In [1]:
# Cell 1: Setup and imports
%load_ext autoreload
%autoreload 2

import numpy as np
import pandas as pd
import matplotlib.pyplot as plt
from sklearn.model_selection import train_test_split
from sklearn.preprocessing import StandardScaler
import seaborn as sns

# Set style for prettier plots
plt.style.use('seaborn-v0_8')
sns.set_palette('husl')

print("✅ Setup complete! Ready to build our credit approval system.")

✅ Setup complete! Ready to build our credit approval system.


In [6]:
# Cell 2: Generate sample credit data for our fictional bank
np.random.seed(42)  # For reproducibility - same data each time we run

# Number of customers in our historical data (10-15 years worth)
n_samples = 500

print("Generating historical credit data from our fictional bank...")
print(f"Creating data for {n_samples} pasts customers (2010-2024)...")
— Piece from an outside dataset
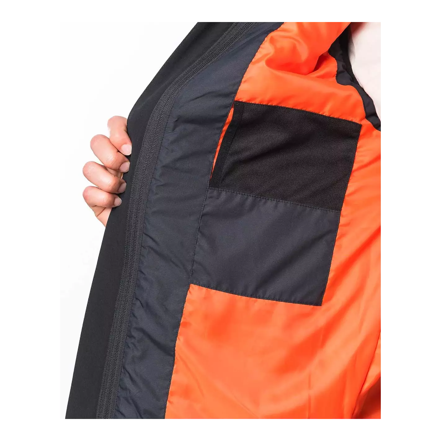 The inner jacket connects to the outer jacket. In addition, it is equipped with a chin guard, an adjustable hood and is reinforced with a DWR treatment.
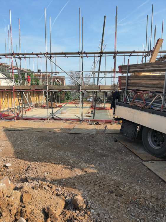 It was one year ago that we started our house build, and we moved in 4.5 months later on July 3rd. Well, that's the headline to catch attention, but there needs to be some qualification. A year ago we started building above ground. Before that, we had 3 months of asbestos removal, demolition, site clearance, excavation, concrete slab, drains and scaffold. But still, 19 weeks to build everything above ground is good. Our method: MBC completed the timber frame in 8 working days - that was a great head start. We had a fixed price contract with a general builder for all the external finishes. This meant we could leave him to manage that whilst we concentrated on the interior. We had plumbing, electrical and carpentry trades working on site in parallel. The house was big enough to have separate working areas. We (the client) were always present to create the culture of collaboration and courtesy. Me and the Mrs worked full time on the build without employment to distract us. One of us would be on site before 8am to open up whilst the other was doing desk work: chasing quotes / delivery / documentation etc. We had very few times when the site was unsupervised by one or other of us. We were disciplined in making decisions in the right order and not changing our minds. We lived a 5 min cycle away in a rented house. Cycling is ideal because you don't take up parking space on site, and you can come and go without asking trade vans to move. Our builder saw the advantage and started cycling too. We had Travis Perkins, Screwfix and the electrical wholesaler all within a 10 minute drive. I could collect ad hoc materials before 8am with an estate car + roof rack so the trades weren't waiting for materials. Our builders merchants is a favoured supplier for kitchens / bathrooms etc based 100 miles away. We worked closely with them to keep their supply of materials ahead of the trades. I did three months of carpentry assisting the proper carpenter. If I wasn't supervising deliveries, doing a site induction for new workers, cleaning up, moving materials then I was doing carpentry. The site was always clean and tidy with waste promptly taken off site. The site was working 5 days a week, every week but typically not weekends. And when we moved in, there was another 6 weeks to completion and then the landscaping after that. Photographs attached from one year ago Build photos here: https://forum.buildhub.org.uk/topic/45435-project-finished-mbc-timber-frame-self-build-220m2-over-three-floors/#comment-634389

# Feature 1: Annual Income (in dollars)
# Range: $20,000 to $150,000 (realistic salary range)
annual_income = np.random.uniform(20000, 150000, n_samples)

# Feature 2: Credit Score
# Range: 300 to 850 (typical credit score range)
credit_score = np.random.uniform(300, 850, n_samples)
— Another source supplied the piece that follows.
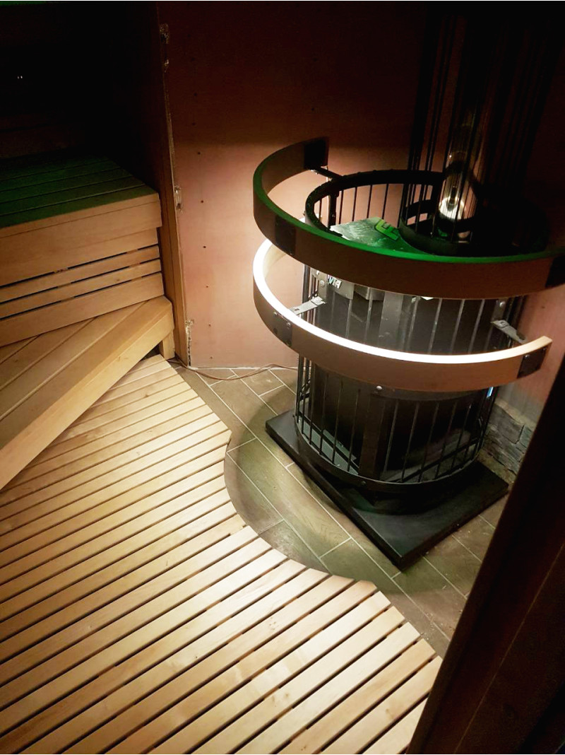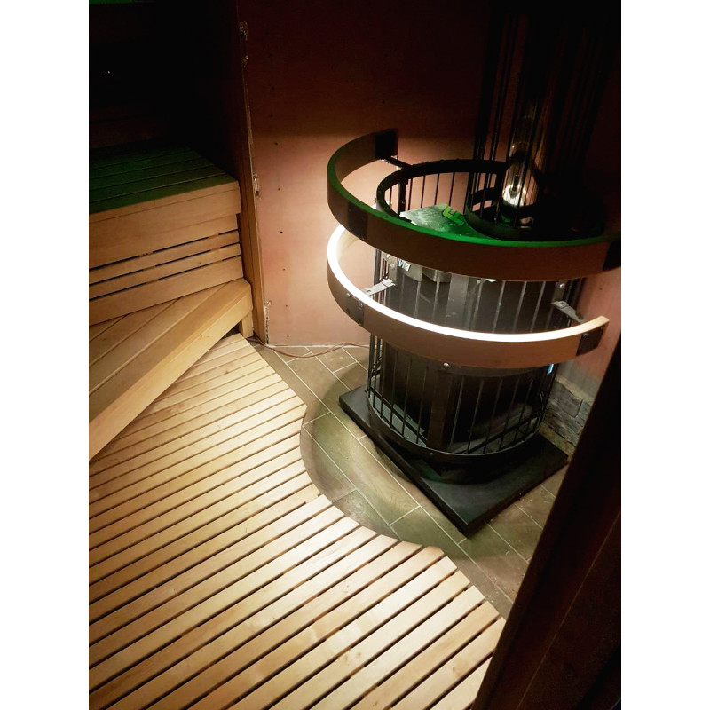 Была выбрана дровяная печь Harvia Legend 240 DUO с внешней топкой, чугунной дверцей и стеклянным окном, заполненным большим количеством мыльного камня, что позволяет наслаждаться теплом, которое они излучают, даже при отсутствии высоких температур. для сауны средних размеров. Кожухи для печей - Harvia Legend с освещением.

# Feature 3: Years Employed
# Range: 0.5 to 25 years (recent graduates to seasoned professionals)
years_employed = np.random.uniform(0.5, 25, n_samples)

# Feature 4: Current Debt (in dollars)
# Range: $0 to $80,000 (credit cards, car loans, etc.)
current_debt = np.random.uniform(0, 80000, n_samples)
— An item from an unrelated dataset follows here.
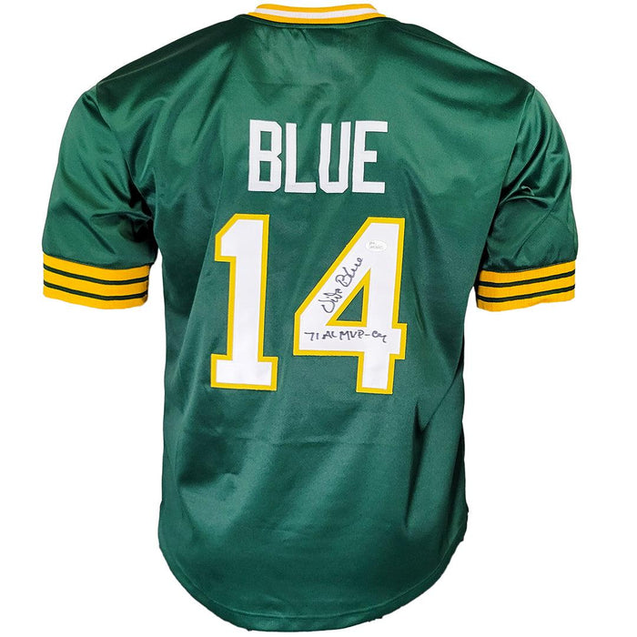 - A professional style green custom replica baseball jersey autographed by Vida Blue with 71 AL MVP CY inscription and authenticated by JSA

print(" Generated 4 features for each customer:")
print(f" - Annual Income: ${annual_income.min():,.0f} to ${annual_income.max():,.0f}")
print(f" - Credit Score: {credit_score.min():.0f} to {credit_score.max():.0f}")
print(
    f" - Years Employed: {years_employed.min():.1f} to {years_employed.max():.1f} years"
)
print(f" - Current Debt: ${current_debt.min():,.0f} to ${current_debt.max():,.0f}")

Generating historical credit data from our fictional bank...
Creating data for 500 pasts customers (2010-2024)...
 Generated 4 features for each customer:
 - Annual Income: $20,658 to $149,085
 - Credit Score: 303 to 850
 - Years Employed: 0.6 to 25.0 years
 - Current Debt: $257 to $79,868


In [None]:
# Cell 3: Create approval decisions based on a realistic rule
print("\n Creating historical approval/denial decisions ...\n")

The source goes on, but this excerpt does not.